Evaluation methodology. How do you measure whether a memory system is working well? MEMTIER uses tool-execution success rates; TierMem uses QA accuracy. Neither fully captures the user experience of an agent that "remembers" correctly over months of operation.

Learned vs. rule-based compression. MEMTIER's PPO-trained retrieval weights outperform fixed rules, but require training infrastructure.
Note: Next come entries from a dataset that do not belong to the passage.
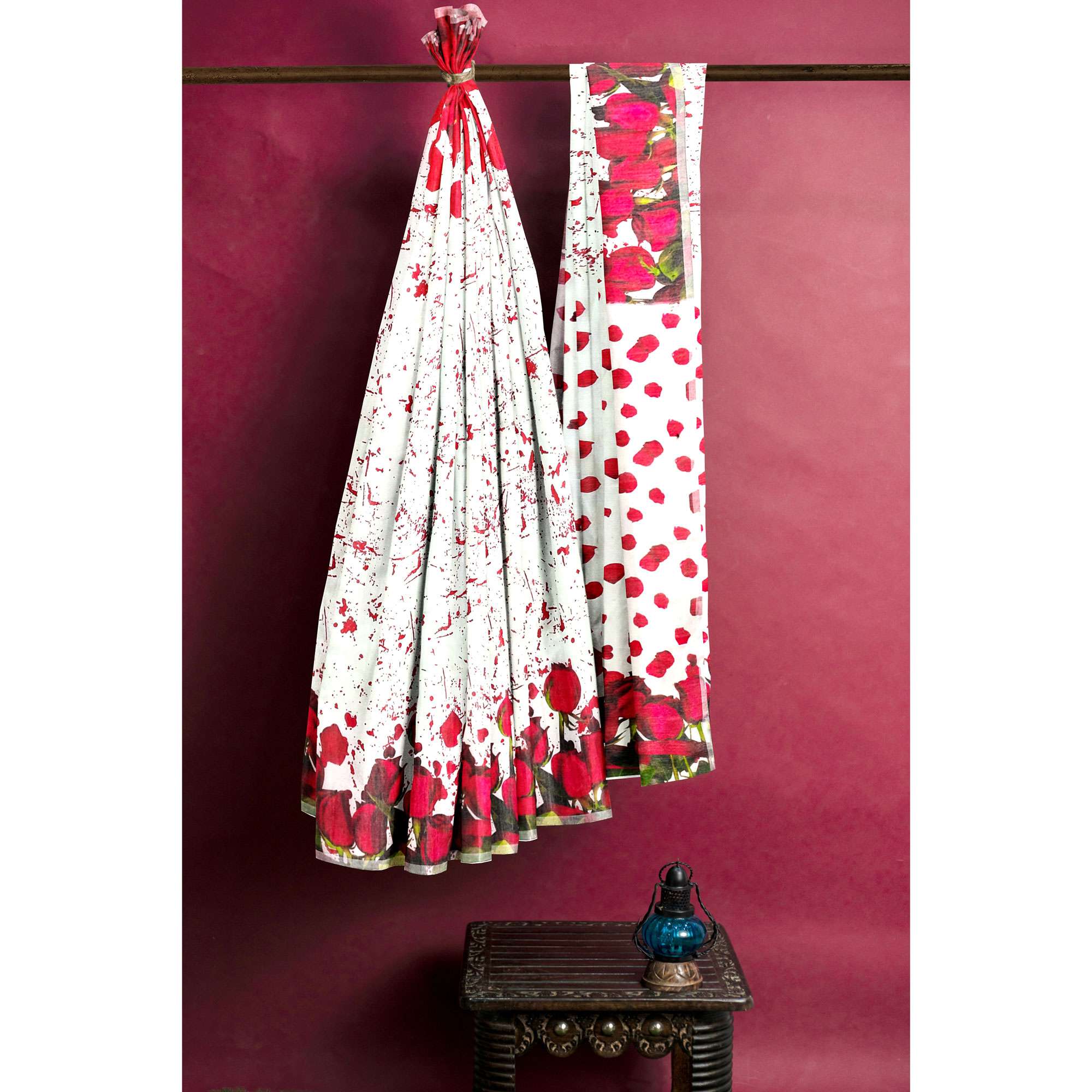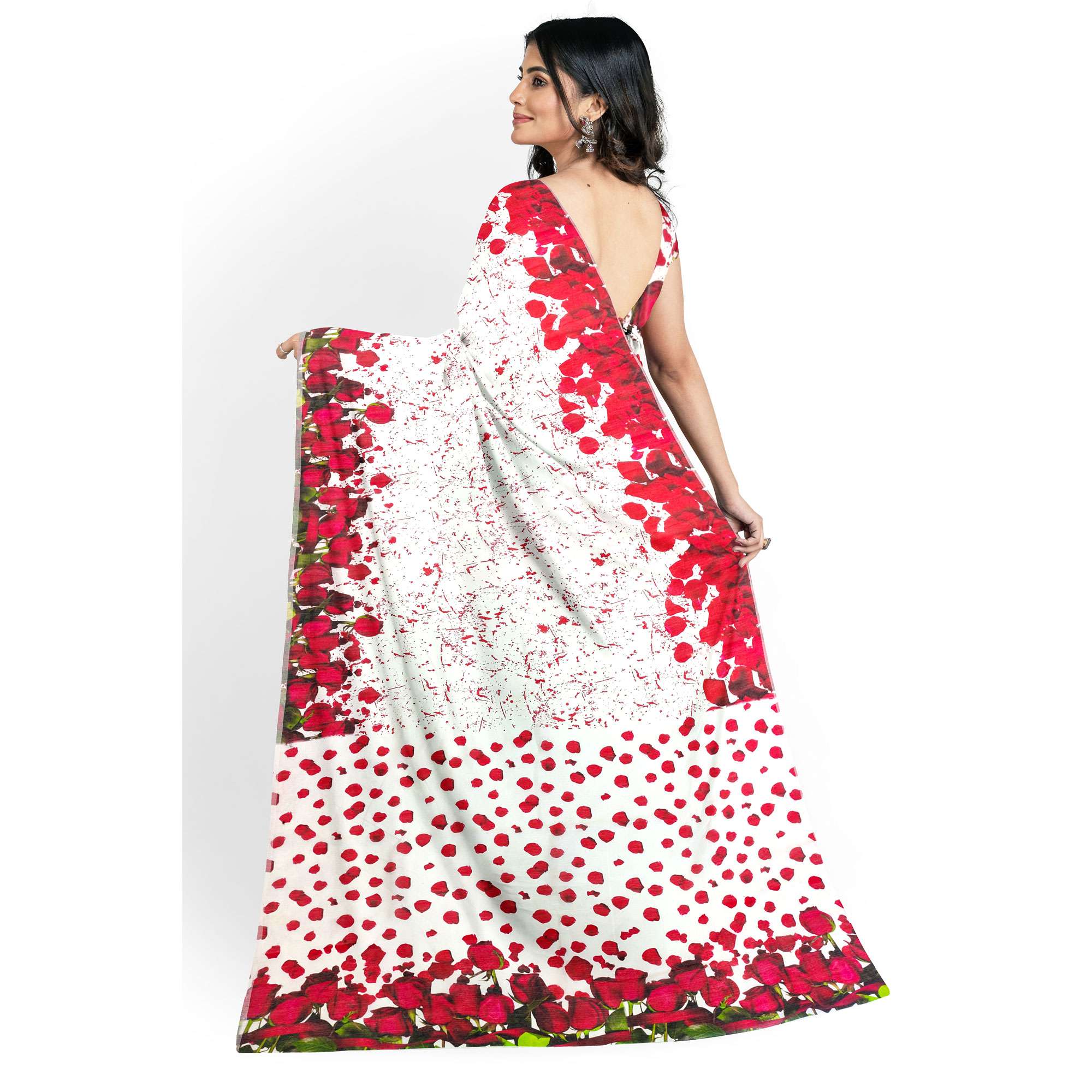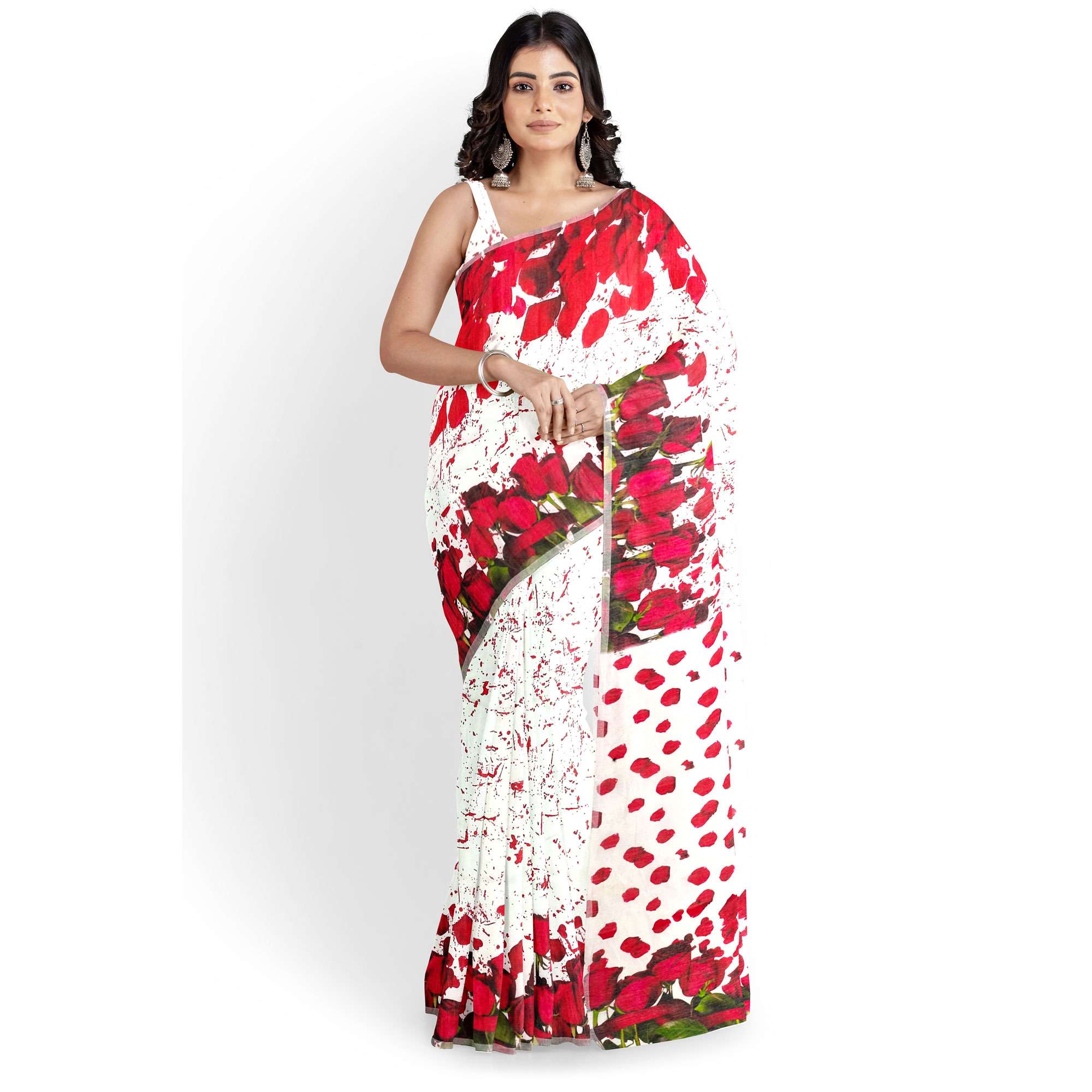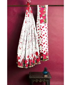 দারুণ নরম ও আরামদায়ক মাসলাইস সিল্ক ফেব্রিকে তৈরি। পুরো শরীরজুড়ে ডিজিটাল প্রিন্টেড গোলাপের পাপড়ির নকশা। আঁচল ও বডিতে লাল গোলাপের নকশা – একদম ইউনিক ও স্টাইলিশ। দৈনন্দিন আয়োজনে, ঈদ, পূজা বা হালকা পার্টিতে পরার জন্য আদর্শ।
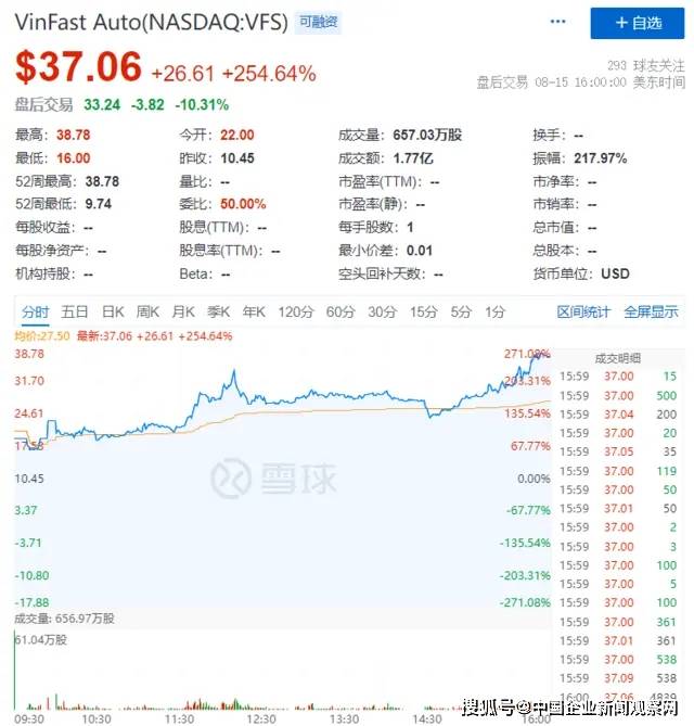 8月15日周二,越南电动汽车生产商VinFast完成与一家特殊目的收购公司(SPAC)Black Spade Acquisition的合并,周二已开始在纳斯达克交易。其股价一路高歌,盘中最高触及38.78美元,报收37.06美元,涨幅达254.64%,意味着越南首富范日旺的身家增加390亿美元。
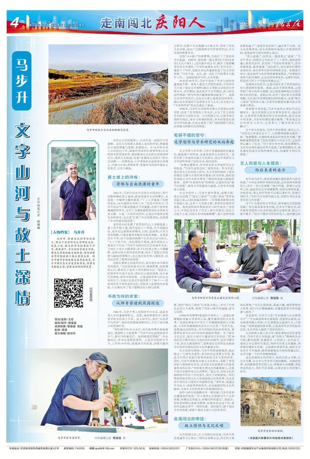 從慶陽黃土坡上的少年,到走南闖北的學者型作家,馬步升的人生軌跡,是“慶陽人”精神的生動寫照:勤勞堅韌、執(zhí)著堅守、心懷故土、志在遠方。他用文字記錄時代變遷,用研究傳承文化根脈,用深情反哺家鄉(xiāng)發(fā)展。正如黃河奔涌不息,他的文字也在歲月中流淌,既承載著隴東大地的厚重記憶,也書寫著一個時代的精神圖譜。
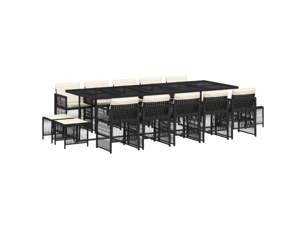 15dílný zahradní jídelní set s poduškami černý polyratan 3210990
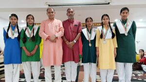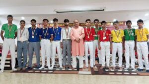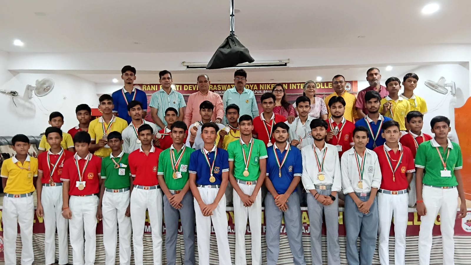 प्रयागराज l विद्या भारती से संबद्ध काशी प्रांत के रानी रेवती देवी सरस्वती विद्या निकेतन इंटर कॉलेज राजापुर प्रयागराज के खिलाड़ी भैया बहनों ने विद्यालय के प्रधानाचार्य बांके बिहारी पाण्डेय के कुशल मार्गदर्शन में सरस्वती विद्या मंदिर सेक्टर क्यु अलीगंज लखनऊ में विद्या भारती द्वारा आयोजित 36वीं क्षेत्रीय बास्केटबॉल एवं कराटे प्रतियोगिता बालक वर्ग के अंडर 14, अंडर 17, एवं अंडर 19 तथा बालिका वर्ग के अंडर 17 तथा कराटे में मोंटी कुमार ने अंडर-19 में विजयी होकर फाइनल में जगह बनाई l खिलाड़ी भैया बहनों की इस अभूतपूर्व सफलता पर प्रधानाचार्य बांके बिहारी पाण्डेय ने वंदना सभा में समस्त खिलाड़ी भैया बहनों को प्रमाण पत्र एवं मेडल देकर सम्मानित करते हुए उनके उज्जवल भविष्य की प्रार्थना करते हुए अखिल भारतीय प्रतियोगिता में स्थान बनाने की कामना की l
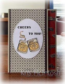 I stamped the “lime” image from the Whiskey Business stamp set onto the oval using Memento Tuxedo Black ink. I coloured the image using the Light So Saffron Stampin’ Blend. I stamped the glass image from the Whiskey Business stamp set twice onto Basic White card using Memento Tuxedo Black ink. I coloured the image using the So Saffron Stampin’ Blends. I cut out the glass images and attached them to the stamped oval. The oval is attached to the centre of the card front. I really love how this card turned. Thank you Lisa for your instructions. I must admit I will have to play with this one to convert the directions to fit our A4 card. I’d love to hear what you think.
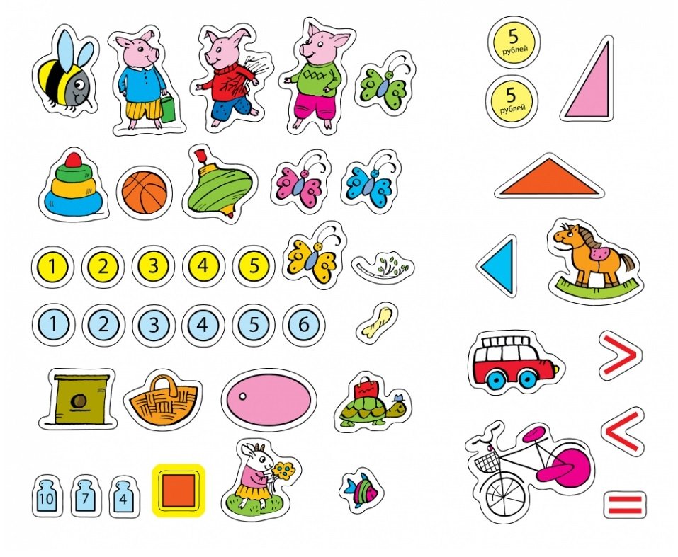 Уважаемые взрослые! Занимаясь по этой книжке, ваш ребенок закрепит свои знания о геометрических фигурах, научится ориентироваться в пространстве и на листе бумаги, считать до десяти в прямом и обратном порядке, определять количество предметов, узнавать и правильно записывать цифры. Маленький ученик познакомится с составом числа, математическими знаками и сможет решить не только примеры и неравенства, но и простые задачи. Наклеивание картинок сделает процесс обучения увлекательным занятием и поможет развить мелкую моторику и координацию движений руки. Ребенку нужно найти на вкладыше подходящую наклейку и приклеить ее на страничку с заданием. Желаем успехов! Для чтения взрослыми детям 4-5 лет.
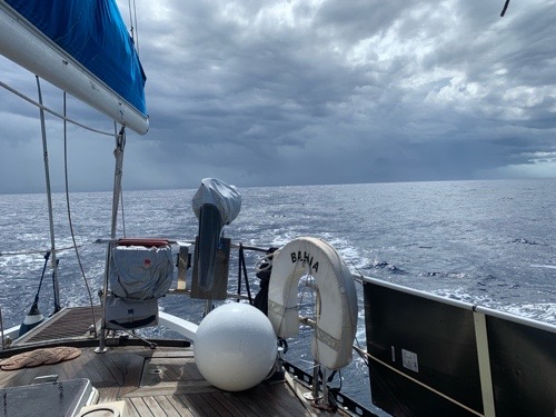 Woensdag 30/8. Om 10:25 vertrokken met bestemming Nicolaos, in het noorden van Zakinthos. Toen we kaap hadden gerond en naar het noorden koersten zagen we een dreigende lucht hangen. Een snelle check op de weerberichten liet zien dat een bui van noord naar zuid trok, recht op ons af. De kuip regenbestendig gemaakt ( alles wat niet nat mag worden benedendeks gebracht) en de buiskap op gezet.
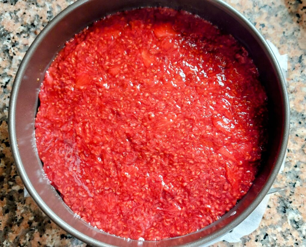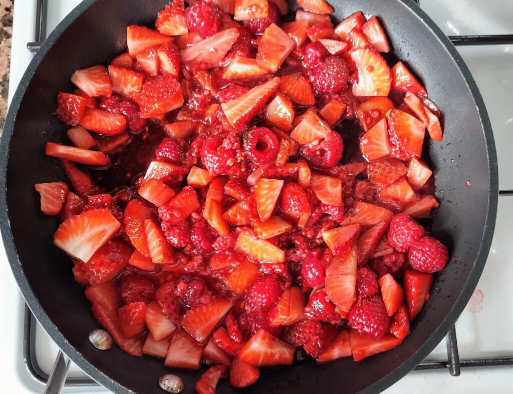 Kým sa pečie pripravte ovocnú náplň. 🍓 Mrazené ovocie podlejte vodou 💦 a nechajte zohrievať, kým sa roztopí. Keď sa ovocie rozvarí, pridajte citrónovú šťavu 🍋 a dochuťte ho cukrom podľa potreby. Keď zmes začne hustnúť, tak je pripravená. Ak je ovocie príliš tekuté, preceďte ho cez sitko a tekutinu využijete inak. 💧
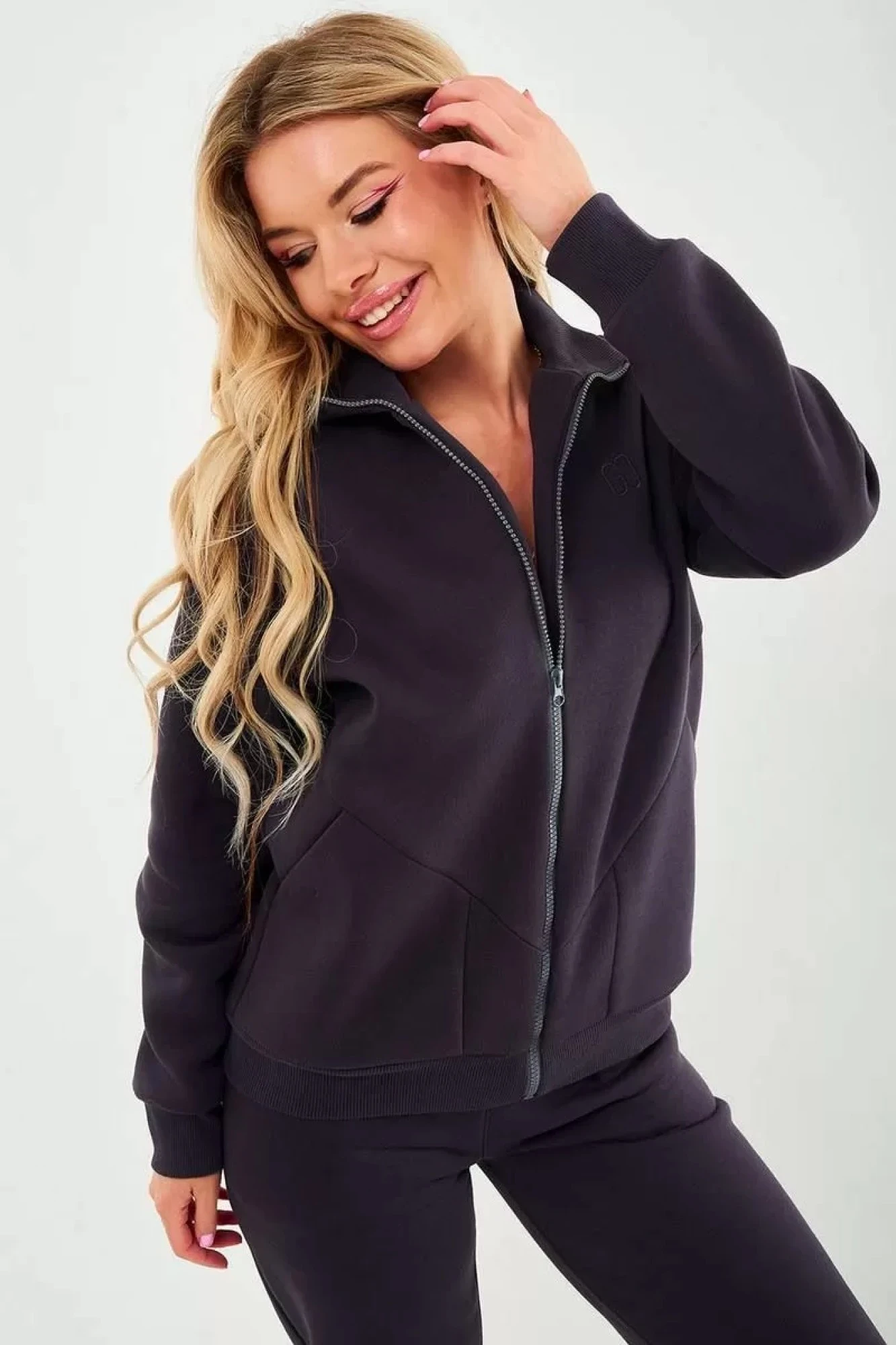 Длина брюк по боковому шву с поясом: 98-100 см для роста 164-170 см, 101-103 см для роста 170-176 см.

For most production systems, well-tuned heuristics may be sufficient — the marginal gain from learned policies may not justify the complexity.

References

Packer, C. et al. (2023). "MemGPT: Towards LLMs as Operating Systems." arXiv:2310.08560.
Liu, N. F. et al. (2023). "Lost in the Middle: How Language Models Use Long Contexts." arXiv:2307.03172.
mem0.ai (2025). "Mem0: The Memory Layer for Personalized AI." arXiv:2504.19413.
Microsoft (2025). "ACON: Optimizing Context Compression for Long-horizon LLM Agents." arXiv:2510.00615.
Chen, Y. et al. (2026). "Beyond Static Summarization: ProMem for Agent Memory." arXiv:2601.04463.
Wang, Z. et al. (2026). "From Lossy to Verified: A Provenance-Aware Tiered Memory for Agents (TierMem)." arXiv:2602.17913. ICLR 2026.
Zhang, L. et al. (2026). "Memory for Autonomous LLM Agents: Mechanisms, Evaluation, and Emerging Frontiers." arXiv:2603.07670.
Li, X. et al. (2026). "ContextBudget: Budget-Aware Context Management for Long-Horizon Search Agents." arXiv:2604.01664.
MEMTIER Authors (2026). "MEMTIER: Tiered Memory Architecture and Retrieval Bottleneck Analysis for Long-Running Autonomous AI Agents." arXiv:2605.03675.